Sunday, April 04, 2010

Meet The Press - April 4, 2010

Guests:
Christina Romer (Director White House Council of Economic Advisors)
Sen. Joe Lieberman (I-CT)
Rep. Jane Harman (D-CA)
David Remnick
Richard Stengel
*****************

Gregory: wow - America actually had job growth
for the first time since Stupid left office

Romer: not too shabby Fluffy

Gregory: why is unemployment so high?

Romer: because this is the worst
recession in history

Gregory: Bush was that bad huh?

Romer: yes he really was

Gregory: even Democratic Congresspeople
says you’re out of touch

Romer: oh bull - we’ve passed stimulus, cash for cars, tax credits for hiring, home buyer tax credits, no capital gains tax, a tax cut for news versions of “CSI”-

Gregory: some say that stimulus was good
but not good enough

Romer: wow that’s bold

Gregory: people like things that are good

Romer: um yeah

Gregory: some say Obama is anti-business

Romer: I heard you were a moron

Gregory: why should anyone build a factory?!

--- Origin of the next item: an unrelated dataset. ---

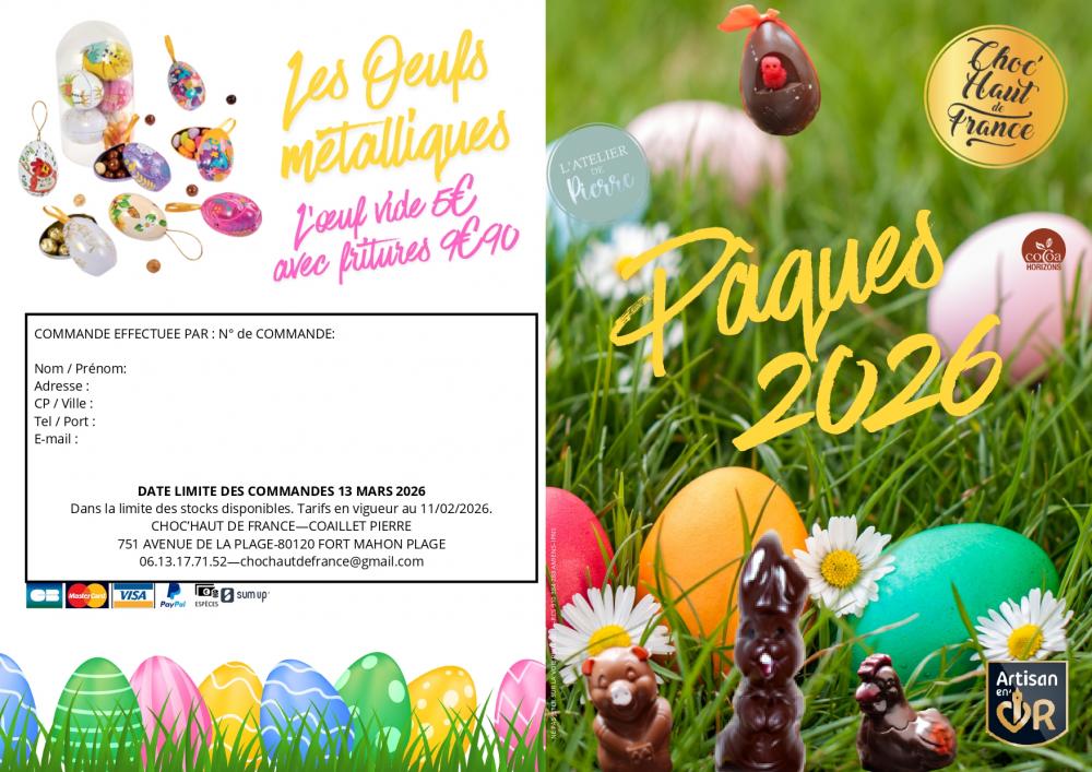 À l’approche du printemps, Choc Haut de France dévoile sa nouvelle collection gourmande pour Pâques 2026, une célébration de la créativité et de la tradition chocolatière. Cette année, nos maîtres chocolatiers ont imaginé des créations exclusives pour émerveiller petits et grands : des œufs richement garnis, des moulages originaux et nos incontournables fritures en chocolat noir, lait et blanc. Pour célébrer Pâques comme il se doit, de nombreuses nouveautés font leur apparition : assortiments de petits oeufs pralinés, poules en chocolat, oeufs nid avec poussin en chocolat, oeufs coquilles craquelées, oeufs cabosse avec friture et bien d'autres encore. Chaque pièce est préparée avec soin dans notre atelier.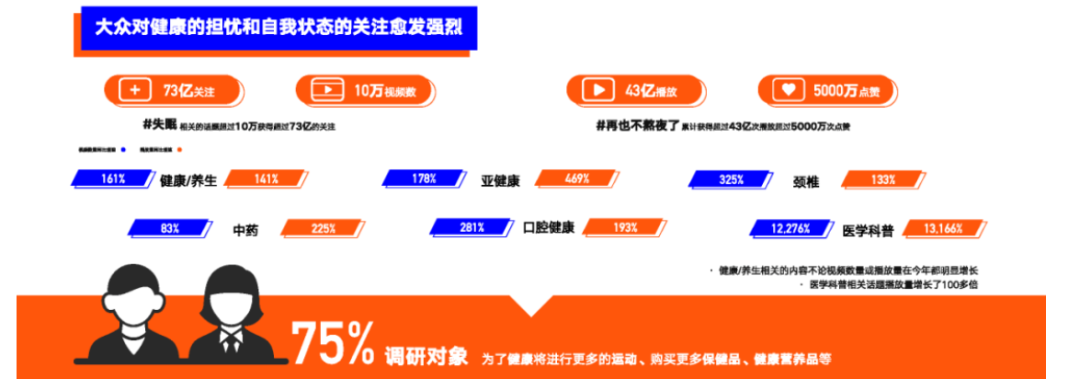 目前,健康中国建设正在全面推进,越来越多的目光投向了营养健康产业。巨量引擎联合尼尔森发布的《2020十大消费新机遇》报告显示,有75%的被调查对象为了健康将进行更多的运动、购买更多的保健品、健康营养品等[3]。

Romer: gee I don’t know - maybe to build shit
people want?

Gregory: but I heard an anecdote that
Obama’s health plan sucks!

Romer: Calm down Fluffy

Gregory: there are lines around the block to
buy the iPad!

Romer: thank god for steve jobs

Gregory: can we have a recovery fueled by
mindless spending on useless shit?

Romer: if so we might as well send all
our cash to China now

Greogry: shockingly the GOP doesn’t support regulating Wall Street

Romer: stunning indeed

Gregory: is China manipulating their currency?

Romer: maybe

Gregory: yes or no?!?!

Romer: you’re a true idiot

Gregory: should Dems campaign on turning the economy around?

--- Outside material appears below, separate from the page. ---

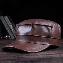 秋冬新品真皮帽子男士牛皮平顶帽中老年人保暖军帽护耳鸭舌帽棉帽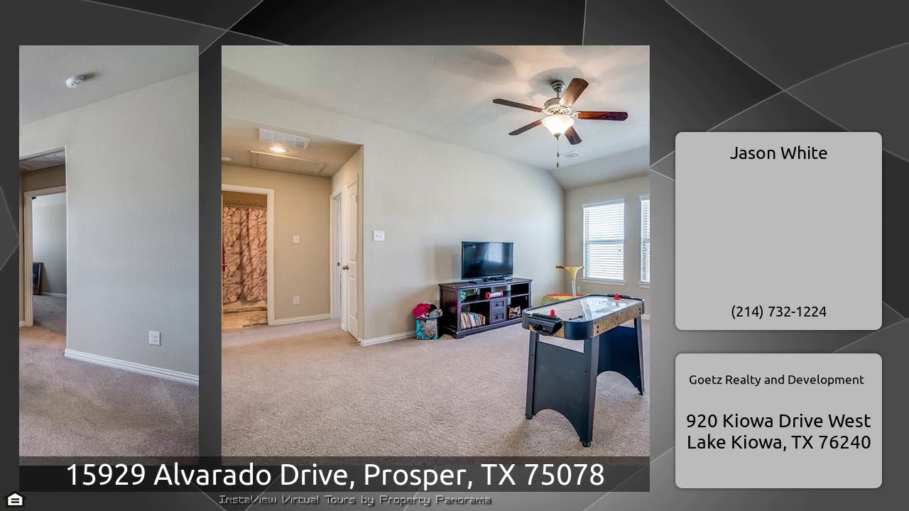 The Virtual Tour for the property at 15929 Alvarado Drive, Prosper, TX 75078 listed for $307,000: Other homes for sale by Jason White of Goetz Realty and Development: Lovely home in the Artesia neighborhood of Prosper! Great curb appeal with stone accents, well maintained landscaping, and private front porch perfect for winding down! Upon entry, you'll find a home office or flex room with French doors. Kitchen features large island with plenty of room for cooking, dining, and entertaining. Escape to your private master retreat with ensuite bath with dual sinks, WIC, and large garden tub. …

Romer: absolutely - who wouldn’t want to take
credit for 10% unemployment?!

[ break ]

Gregory: OMG the terrorists are attacking in Iraq!

Lieberman: that’s a sign that we’re winning

Gregory: oh?

Lieberman: indeed - but also a sign we should never leave and also that Iran is swarthy and dangerous

Harman: I agree with Joe except it also means we should never leave Afghanistan

Gregory: we have new airport security rules to look for and I quote ‘scary people’

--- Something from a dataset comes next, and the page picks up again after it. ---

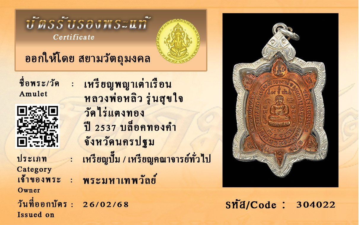 รหัสสินค้า : 304022 เหรียญพญาเต่าเรือน หลวงพ่อหลิว รุ่นสุขใจ วัดไร่แตงทอง ปี 2537 บล็อคทองคำ จังหวัดนครปฐม

Chertoff: that’s right - but will the Dutch also screen for swarthyness?

Harman: it turns out banning all fliers from 25 nations was kind of stupid

Gregory: oh?

Harman: Jihad Jane - ha!

Gregory: New Yorkers must have their bags inspected because of Chechnya

Lieberman: oh yeah it’s all trains nowadays
- they’re the biggest targets by far

Gregory: that’s frightening

Lieberman: it’s absolutely terrifying Fluffy

Gregory: should we give accused terrorists a
fair trial or a kangaroo court?

Chertoff: if you catch someone in a battlefield then
a fair trial is too difficult

Harman: bullshit - the death eater is wrong

Lieberman: fuck the rule of law - we need the
Rule of War!

Gregory: is that a video game?

Lieberman: yeah it’s awesome

Gregory: the Hutaree are part of greater increase in utter lunatics since Obama divided our nation by becoming President

Lieberman: yes both parties are too blame - we need centrist bipartisanship - but the real threat is that we will pay attention to this and ignore swarthy terrorists

Gregory: that is disturbing

Harman: Hey Joe guess what - these are terrorists with IEDs and everything

Lieberman: they can’t be real terrorists
- they don’t have dark mustaches

Chertoff: the militia nuts are just like animal
rights terrorists

Gregory: oh of course

Chertoff: hey America succumbed to terrorism
in 2001 so why no adopt those tactics

Gregory: what about Iran?

Lieberman: there has never been an expansionist dangerous country with nuclear weapons in history!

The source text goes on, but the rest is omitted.